* **Items from a dataset**:
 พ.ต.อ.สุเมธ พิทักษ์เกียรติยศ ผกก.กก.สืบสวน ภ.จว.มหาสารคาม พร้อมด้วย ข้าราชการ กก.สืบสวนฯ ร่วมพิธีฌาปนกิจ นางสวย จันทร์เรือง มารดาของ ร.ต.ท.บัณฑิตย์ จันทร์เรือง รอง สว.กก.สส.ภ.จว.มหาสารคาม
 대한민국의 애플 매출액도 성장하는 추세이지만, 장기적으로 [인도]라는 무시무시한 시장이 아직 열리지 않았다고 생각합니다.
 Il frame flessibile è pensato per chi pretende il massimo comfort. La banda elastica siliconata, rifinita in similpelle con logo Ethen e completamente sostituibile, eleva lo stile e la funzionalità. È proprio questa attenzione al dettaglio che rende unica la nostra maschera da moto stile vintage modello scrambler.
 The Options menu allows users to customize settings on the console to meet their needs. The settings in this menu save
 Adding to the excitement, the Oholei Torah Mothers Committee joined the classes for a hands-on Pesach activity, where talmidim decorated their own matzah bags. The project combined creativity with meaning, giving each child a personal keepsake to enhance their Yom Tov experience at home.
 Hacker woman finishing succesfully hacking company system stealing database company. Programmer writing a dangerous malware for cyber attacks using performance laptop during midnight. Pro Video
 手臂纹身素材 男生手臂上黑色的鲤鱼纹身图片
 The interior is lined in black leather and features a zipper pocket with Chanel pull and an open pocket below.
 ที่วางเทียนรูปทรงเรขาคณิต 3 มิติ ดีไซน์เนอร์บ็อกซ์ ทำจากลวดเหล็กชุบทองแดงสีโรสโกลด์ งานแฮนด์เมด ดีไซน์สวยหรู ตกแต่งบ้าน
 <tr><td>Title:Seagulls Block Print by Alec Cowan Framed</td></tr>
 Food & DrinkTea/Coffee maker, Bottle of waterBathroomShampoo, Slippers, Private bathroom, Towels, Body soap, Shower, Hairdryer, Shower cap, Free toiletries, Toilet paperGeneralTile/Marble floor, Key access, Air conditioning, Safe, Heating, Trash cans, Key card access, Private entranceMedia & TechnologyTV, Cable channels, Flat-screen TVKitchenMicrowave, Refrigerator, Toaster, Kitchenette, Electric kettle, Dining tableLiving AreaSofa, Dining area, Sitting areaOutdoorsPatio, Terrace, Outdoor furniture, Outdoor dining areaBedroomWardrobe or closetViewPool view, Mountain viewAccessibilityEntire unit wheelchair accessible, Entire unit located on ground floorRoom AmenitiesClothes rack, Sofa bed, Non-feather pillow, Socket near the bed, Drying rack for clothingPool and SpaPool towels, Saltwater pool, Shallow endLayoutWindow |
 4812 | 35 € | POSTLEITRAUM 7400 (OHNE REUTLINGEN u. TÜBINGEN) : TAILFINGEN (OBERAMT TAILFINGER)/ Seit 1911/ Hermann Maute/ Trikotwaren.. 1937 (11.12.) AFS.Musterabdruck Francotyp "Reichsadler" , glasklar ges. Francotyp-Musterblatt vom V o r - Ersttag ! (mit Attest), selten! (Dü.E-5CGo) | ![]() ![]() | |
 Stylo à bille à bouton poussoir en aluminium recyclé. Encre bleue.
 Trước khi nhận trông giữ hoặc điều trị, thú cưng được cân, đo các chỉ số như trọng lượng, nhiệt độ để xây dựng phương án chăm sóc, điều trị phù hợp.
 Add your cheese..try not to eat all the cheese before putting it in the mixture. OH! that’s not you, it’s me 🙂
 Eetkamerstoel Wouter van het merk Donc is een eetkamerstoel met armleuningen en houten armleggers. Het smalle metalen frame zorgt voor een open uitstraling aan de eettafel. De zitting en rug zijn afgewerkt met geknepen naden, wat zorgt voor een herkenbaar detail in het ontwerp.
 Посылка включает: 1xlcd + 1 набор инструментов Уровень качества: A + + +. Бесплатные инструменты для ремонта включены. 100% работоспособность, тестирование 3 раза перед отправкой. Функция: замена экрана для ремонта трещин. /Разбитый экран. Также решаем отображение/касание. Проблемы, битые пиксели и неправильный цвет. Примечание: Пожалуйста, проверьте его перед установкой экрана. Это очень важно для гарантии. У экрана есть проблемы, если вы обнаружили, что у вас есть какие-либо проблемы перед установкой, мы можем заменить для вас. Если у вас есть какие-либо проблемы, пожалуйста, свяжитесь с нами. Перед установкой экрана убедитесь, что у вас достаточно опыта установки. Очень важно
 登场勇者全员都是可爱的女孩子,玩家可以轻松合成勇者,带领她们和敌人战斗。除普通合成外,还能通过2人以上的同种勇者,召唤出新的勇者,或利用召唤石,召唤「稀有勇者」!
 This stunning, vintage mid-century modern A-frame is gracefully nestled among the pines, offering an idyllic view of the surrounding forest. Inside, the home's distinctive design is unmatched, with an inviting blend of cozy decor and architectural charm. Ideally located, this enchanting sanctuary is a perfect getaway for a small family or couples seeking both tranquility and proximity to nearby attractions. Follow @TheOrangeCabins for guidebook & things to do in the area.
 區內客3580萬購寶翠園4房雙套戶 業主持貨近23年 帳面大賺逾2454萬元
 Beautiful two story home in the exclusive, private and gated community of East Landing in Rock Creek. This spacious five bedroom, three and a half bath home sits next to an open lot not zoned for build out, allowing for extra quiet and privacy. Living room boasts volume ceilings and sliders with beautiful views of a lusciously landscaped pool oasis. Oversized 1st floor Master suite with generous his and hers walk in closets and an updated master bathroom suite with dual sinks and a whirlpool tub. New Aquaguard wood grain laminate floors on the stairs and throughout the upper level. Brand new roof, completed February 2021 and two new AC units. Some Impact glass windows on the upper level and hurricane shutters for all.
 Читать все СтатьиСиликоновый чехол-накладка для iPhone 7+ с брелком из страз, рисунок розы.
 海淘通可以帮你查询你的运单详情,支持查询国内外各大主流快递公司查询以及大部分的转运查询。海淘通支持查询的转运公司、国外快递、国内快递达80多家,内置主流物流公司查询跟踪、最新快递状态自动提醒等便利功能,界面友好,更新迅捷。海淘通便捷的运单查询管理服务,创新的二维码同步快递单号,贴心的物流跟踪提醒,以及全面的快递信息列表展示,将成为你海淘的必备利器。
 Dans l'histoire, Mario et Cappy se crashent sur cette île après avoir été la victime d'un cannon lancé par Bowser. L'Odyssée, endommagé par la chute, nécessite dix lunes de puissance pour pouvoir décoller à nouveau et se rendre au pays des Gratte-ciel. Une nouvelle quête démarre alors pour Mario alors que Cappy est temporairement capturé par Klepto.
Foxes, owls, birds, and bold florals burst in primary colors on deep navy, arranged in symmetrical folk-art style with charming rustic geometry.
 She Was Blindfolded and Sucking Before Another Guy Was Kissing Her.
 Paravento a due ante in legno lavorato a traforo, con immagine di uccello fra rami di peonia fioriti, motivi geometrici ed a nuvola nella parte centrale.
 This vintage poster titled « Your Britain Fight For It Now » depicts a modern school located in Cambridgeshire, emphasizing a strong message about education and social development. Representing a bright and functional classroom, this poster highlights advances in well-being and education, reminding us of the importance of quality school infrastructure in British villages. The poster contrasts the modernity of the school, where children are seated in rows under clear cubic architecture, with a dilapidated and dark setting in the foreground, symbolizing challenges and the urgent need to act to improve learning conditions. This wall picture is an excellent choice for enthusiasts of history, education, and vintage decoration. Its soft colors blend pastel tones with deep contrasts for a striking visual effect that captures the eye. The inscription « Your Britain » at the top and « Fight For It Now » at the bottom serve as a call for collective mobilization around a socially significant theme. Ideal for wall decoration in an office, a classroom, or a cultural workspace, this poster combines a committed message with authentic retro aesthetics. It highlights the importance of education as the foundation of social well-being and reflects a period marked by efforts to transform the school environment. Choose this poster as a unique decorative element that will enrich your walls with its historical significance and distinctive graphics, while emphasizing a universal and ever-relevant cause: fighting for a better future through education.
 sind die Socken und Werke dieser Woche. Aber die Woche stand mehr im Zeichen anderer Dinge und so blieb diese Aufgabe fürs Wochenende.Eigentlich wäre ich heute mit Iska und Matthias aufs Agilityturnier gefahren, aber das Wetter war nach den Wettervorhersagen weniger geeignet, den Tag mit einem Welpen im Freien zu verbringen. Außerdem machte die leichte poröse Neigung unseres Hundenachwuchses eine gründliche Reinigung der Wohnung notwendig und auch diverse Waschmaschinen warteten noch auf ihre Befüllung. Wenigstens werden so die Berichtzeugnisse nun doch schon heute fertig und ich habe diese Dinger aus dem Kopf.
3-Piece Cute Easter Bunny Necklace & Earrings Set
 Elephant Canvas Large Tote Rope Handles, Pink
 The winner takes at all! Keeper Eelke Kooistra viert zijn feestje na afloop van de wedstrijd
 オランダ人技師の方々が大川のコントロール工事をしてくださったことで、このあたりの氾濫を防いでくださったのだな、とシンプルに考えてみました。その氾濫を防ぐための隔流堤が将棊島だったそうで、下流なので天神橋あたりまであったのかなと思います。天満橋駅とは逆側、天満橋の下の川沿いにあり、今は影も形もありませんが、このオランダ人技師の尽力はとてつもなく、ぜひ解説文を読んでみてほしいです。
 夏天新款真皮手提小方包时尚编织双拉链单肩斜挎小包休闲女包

* **Task description**:
Word for word, restate the lines of the data above that fall between the line holding "She Was Blindfolded" and the line holding "Paravento a due", inclusive, and no other lines.

* **Your solution**:
 She Was Blindfolded and Sucking Before Another Guy Was Kissing Her.
 Paravento a due ante in legno lavorato a traforo, con immagine di uccello fra rami di peonia fioriti, motivi geometrici ed a nuvola nella parte centrale.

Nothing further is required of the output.